Ülkemizin çok derdi var, önemlilerinden biri de müstehcen
yayınlardır. Gerek televizyon ve gerekse gazeteler eliyle sosyal
hayat adeta bombalanıyor. Elbette sanal âlem denilen internet
vasıtaları da her türlü yolu deneyerek ahlâkı ve aileyi mahvetmeye
çalışıyor. Ve bu saldırı bir günle, bir yılla da sınırlı değil.
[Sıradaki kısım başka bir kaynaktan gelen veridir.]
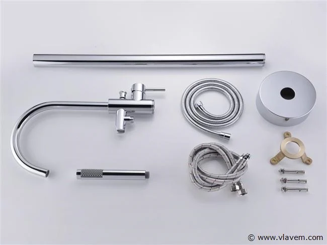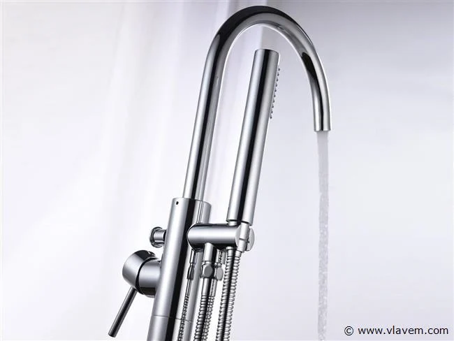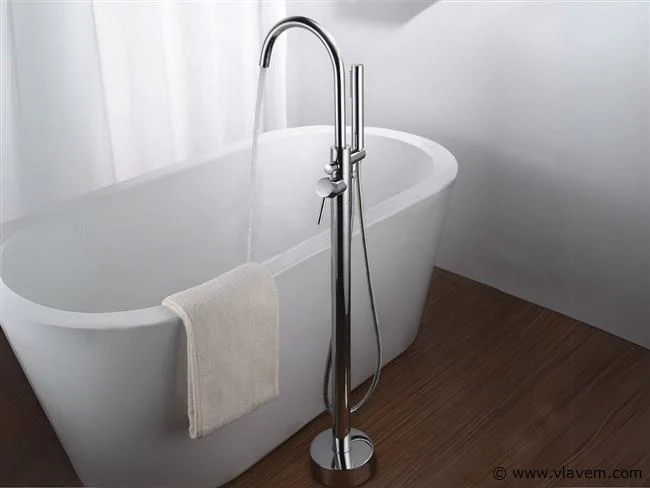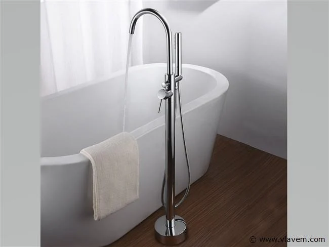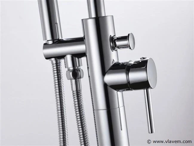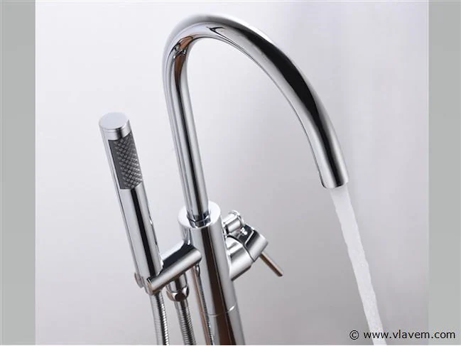Aantal: 1 Merk: Vonato Productnaam: Vrijstaande badkraan Type: FAUCET CHROME Model: Vrijstaand Kleur: Zilver (chroom) Afmetingen: De kraan is 111 cm hoog en de breedte is ca. 25 cm Voorzien van: Uitneembare handdouche - Buis, handdouche en beugel van messing - 360 graden draaibare uitloop. Conditie: Nieuw Ter waarde van: € 795,-

Yıllar önce başlayan bir çirkin saldırı ile karşı karşıyayız. Vahim
olan, son yıllarda bu saldırıyı yapanların kimliğinin kısmen
değişmiş olmasıdır. Şu anda müstehcen yayın yapan gazete ve
televizyonların en önde gidenleri, patronluk, sahiplik açısından
bakınca mütedeyyin insanlar! Siyasî anlayışın da bu yayıncılara
siyaseten destek olduğundan hareketle bir adım daha ileri gidip,
‘bugünkü müstehcen yayınların fiilî sahibi ve asıl sorumlusu
Türkiye’yi idare edenlerdir’ denilse her halde yanlış olmaz.